For drl, the map update requires the rebuild of the lookup table (or kd-tree), but it does not require initial pose estimation, since both the new and old map have the same origin, and as such, the pose of the robot should be in the same place in both old and new maps (with minor offsets due to robot motion).

If you really need to update the map used for localization, then you should change the argument use_slam in guardian_localization.launch.

For the navigation map update to work as expected, the octomap should receive the occupancy grid loaded by the map_server for building the initial map. Then, you can configured octomap to update the navigation map using new raw data from the lidars (use_original_laser_scans_in_slam).

Have a nice day :)

abylikhsanov commented 4 years ago

Hi,

Ok, I get it, the only purpose is for the navigation.
If I turn on the use_slam option, will it start to build an entirely new map or will it simply update the existing map that I have? Also, Do I need to manually save the map after each turn or should I implement some simple node which calls the service to save the map for the future use?
The last 2 questions are more about the DRL itself. We have set the max_outliers_percentage to 0.9 as with lower values DLR simply rejected at specific spots. Sometimes, the percentage goes to even bigger that 0.9, did you experience that before? We are using the default parameters for the tracking.
We have quite a powerful machine and the cpu consumption is below 60%, however, sometimes DRL rejects the lidar measurements because they are too old (we already changed the TF patience from 0.15 to 0.4) which makes the delay in pose estimation and finally when DRL comes back it rejects the new pose as the robot travelled quite a distance which is above the max_translational_fix which in turn DRL goes to the recovery mode. What is the reason behind that? As I said, overall consumption of the CPU is below 60%, could it be in lidar delays as the LiDAR is attached to a different machine and send to DLR via WiFi?

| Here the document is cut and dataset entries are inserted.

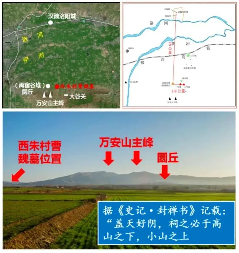 西朱村处于圜丘遗址与汉魏洛阳故城太极殿之间的南北轴线上,向北约18公里就是汉魏洛阳故城,向南则对应着万安山两座主峰,颇有“表山为阙”之势。
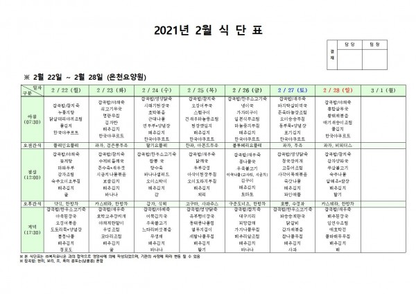 2월 넷째주 식단표 페이지 정보 작성자 은천노인복지회 작성일21-02-19 12:05 조회145,748회 댓글0건 관련링크 이전글 다음글 목록 답변 본문 2월 4주 식단표 [이 게시물은 은천노인복지회님에 의해 2021-03-12 17:18:24 공지사항에서 이동 됨] 이전글 다음글 목록 답변
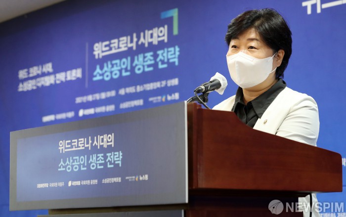 [서울=뉴스핌] 정일구 기자 = 서영교 국회 행정안전위원장이 27일 오전 서울 여의도 중소기업중앙회에서 이동주 더불어민주당 의원·윤창현 국민의힘 의원·뉴스핌 주최로 열린 '위드 코로나 시대, 소상공인 디지털화 전략 토론회'에서 축사를 하고 있다. 이번 토론회는 위드코로나 시대의 소상공인 생존 전략을 주제로 '제로페이 출범 2년의 성과와 한계'를 평가하고, 간편결제 산업의 미래를 조망해 보고자 마련됐다. 2021.09.27 mironj19@newspim.com
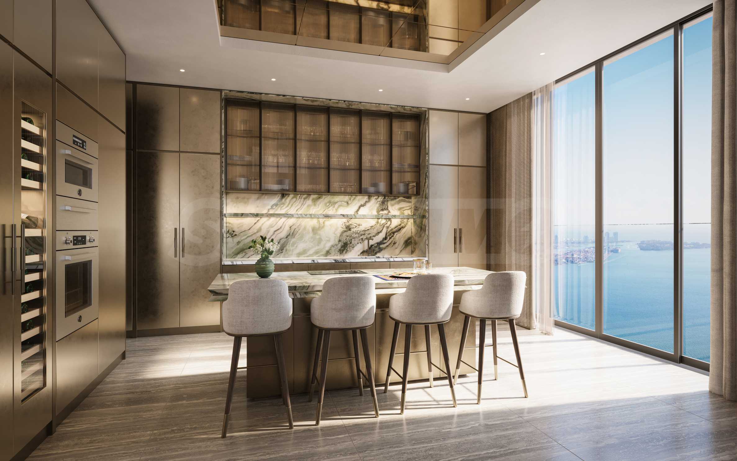 Neben hochwertigen Schränken im italienischen Stil wurden für die Küchen Elektrogeräte der führenden Marken Sub Zero und Wolf ausgewählt. Auch das Design der Badezimmer wurde von Dolce & Gabbana individuell angepasst und so gestaltet, dass es sich perfekt in die Konzepte der Residenzen einfügt. Jedes Schlafzimmer in den Wohnungen verfügt über ein eigenes Badezimmer und das Hauptschlafzimmer hat zusätzlich einen integrierten Kleiderschrank, der ebenfalls auf die Bedürfnisse der zukünftigen Bewohner zugeschnitten ist. Zu den Apartments gehört eine Waschküche mit Waschmaschine und Trockner der führenden Marke Miele.
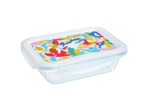 Dank ihres rechteckigen Formats, das zu 100% luftdicht ist, und ihrer Basis aus Borosilikatglas, die so konzipiert ist, dass sie allen Erschütterungen des Alltags standhält, ist diese Lunchbox die ideale Lösung, um Ihr Essen in aller Sicherheit zu transportieren.
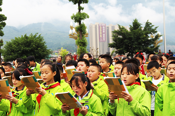 中国彭水网(融媒体记者 任 会 摄影)日前,为了引领师生走进古典文化,开拓视野,营造浓郁书香环境,弘扬中华传统文化。彭水第五小学开展了以“徜徉唐诗宋词元曲、吟咏诗经楚辞汉赋”为主题的第五届读书节活动。图为学生们正在诵读。
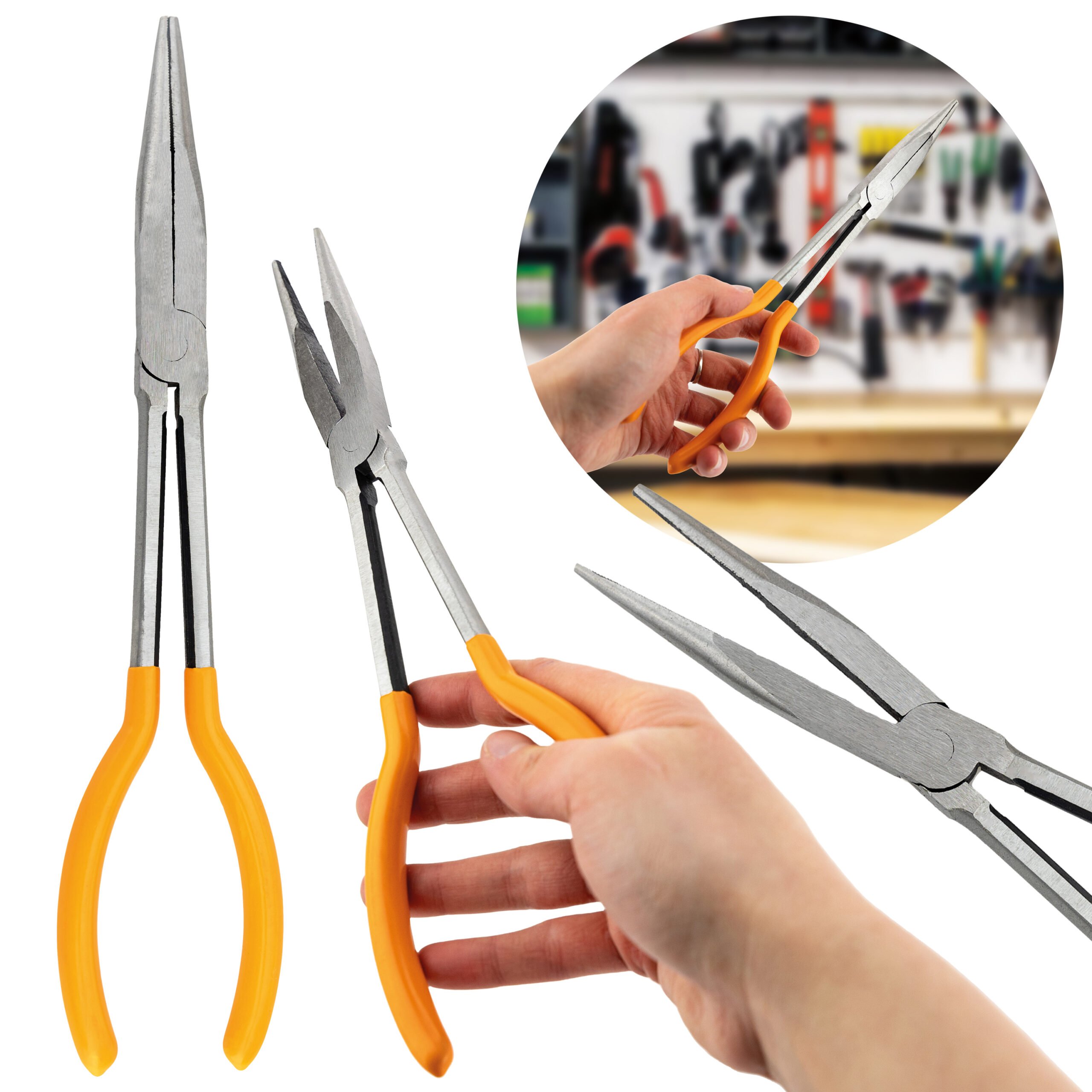 Velmi často při renovaci, kutilství nebo stavbě potřebujete nástroj, který vám pomůže provádět precizní práci na těžko dostupných místech. Dlouhé rovné kleště budou perfektním řešením díky svému rozsahu použití. Určitě dobře poslouží v každé dílně, garáži, studiu nebo i doma. Užitečné pro drcení, upínání, lisování, tvarování, montáž a seřizování, řezání drátů a práci v úzkých rozích s omezeným rozsahem pohybu.
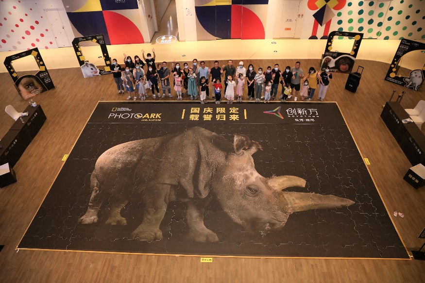 为了能在全球濒危野生动物消失前,留下它们珍贵的影像,从而引起人们的关注,帮助这些动物更好的繁衍,不用面临灭绝的厄运。当日,100名市民游客还参与了一项特别的活动——“拼图重现全球珍稀动物”。以实际行动,守护所见。活动开始后,游客的参与热情高涨。无论是成年人还是小朋友,大家都专心致志地拼图。他们时而眉头紧缩、时而恍然大悟,但不变的是专注的神情和高涨的热情。看着一张张碎片拼图在自己的手中慢慢成形,大家都非常开心。在市民和游客共同努力下,600多块碎片最终合为一体,全球仅剩2只的巨型“北白犀”肖像之一完美地呈现在了大家的眼前,画面壮观。

carlosmccosta commented 4 years ago

In slam mode drl starts with no map and builds it over time when new sensor data arrives. But you can give drl an occupancy grid in the beginning for initializing from a known map.

You just need to be careful how you configure drl for registering the occupancy grid subscriber: https://github.com/carlosmccosta/dynamic_robot_localization/blob/melodic-devel/yaml/schema/drl_configs.yaml#L187 https://github.com/carlosmccosta/dynamic_robot_localization/blob/melodic-devel/include/dynamic_robot_localization/localization/impl/localization.hpp#L1365

The saving of the map is currently manual, but there are already tools for that:

We used drl in dynamic environments but in which the outliers were usually below 75%. Depending on the environment, sensor data and configuration, drl can estimate the robot pose with 90% of outliers. But in that case, you should look in rviz to the overlap between the map and the aligned point cloud for confirming that drl is performing correctly.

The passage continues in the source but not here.